The areas of the four regions as a fraction of the entire area of the square represent the absolute, unconditional probabilities of the corresponding combinations. However, when computing conditional probabilities, we’re interested in the ratio of the area of a region to the area of some subset of the square instead. If we know that the test was positive, that eliminates the white and purple areas: the test result is, whether correct or not, negative for those regions. So, for the conditional probability that the patient has the disease given that the test was positive, we want the ratio of the blue region to whatever’s left, which is the union of the blue and red regions. That’s obviously going to be a lot more than the $1\%$ that you proposed. Bayes’ theorem gives you a concrete way to compute this relative area ratio.

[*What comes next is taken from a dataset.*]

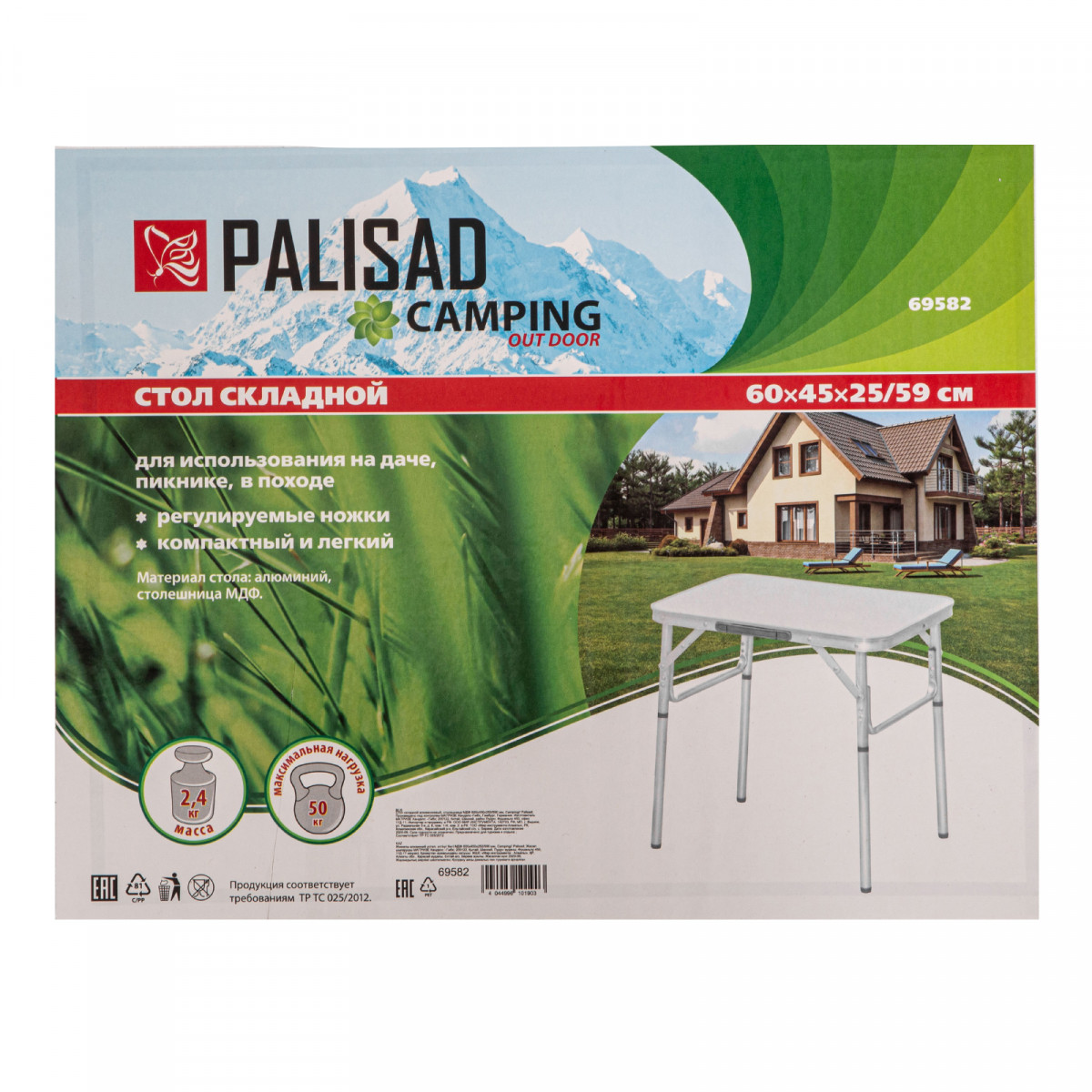Складной стол Palisad Camping 69582 размером 600 х 450 х 250 / 590 мм, со столешницей из МДФ, позволяет организовать прием пищи для нескольких человек. Пригодится во время отдыха на дачном участке, на пикнике, а также послужит дополнительным столом в случае визита гостей. За счет алюминиевых ножек имеет облегченную конструкцию и весит всего 2,52 кг, поэтому удобен в транспортировке. Благодаря составным ножкам стол можно зафиксировать на высоте 25 или 59 см.

Note that for simplicity this diagram assumes that the test’s accuracy is uniform, that is, that whether or not the test returns the correct result isn’t affected by whether or not the patient has the disease. If that’s not the case, then the four regions won’t be bounded by tidy continuous lines as I’ve drawn, but the basic ideas are unchanged: There are four regions that represent the four possible combinations, and the conditional probability that a patient has the disease given that the test was positive is the ratio of the area of the blue region to the sum of the areas of the blue and red regions.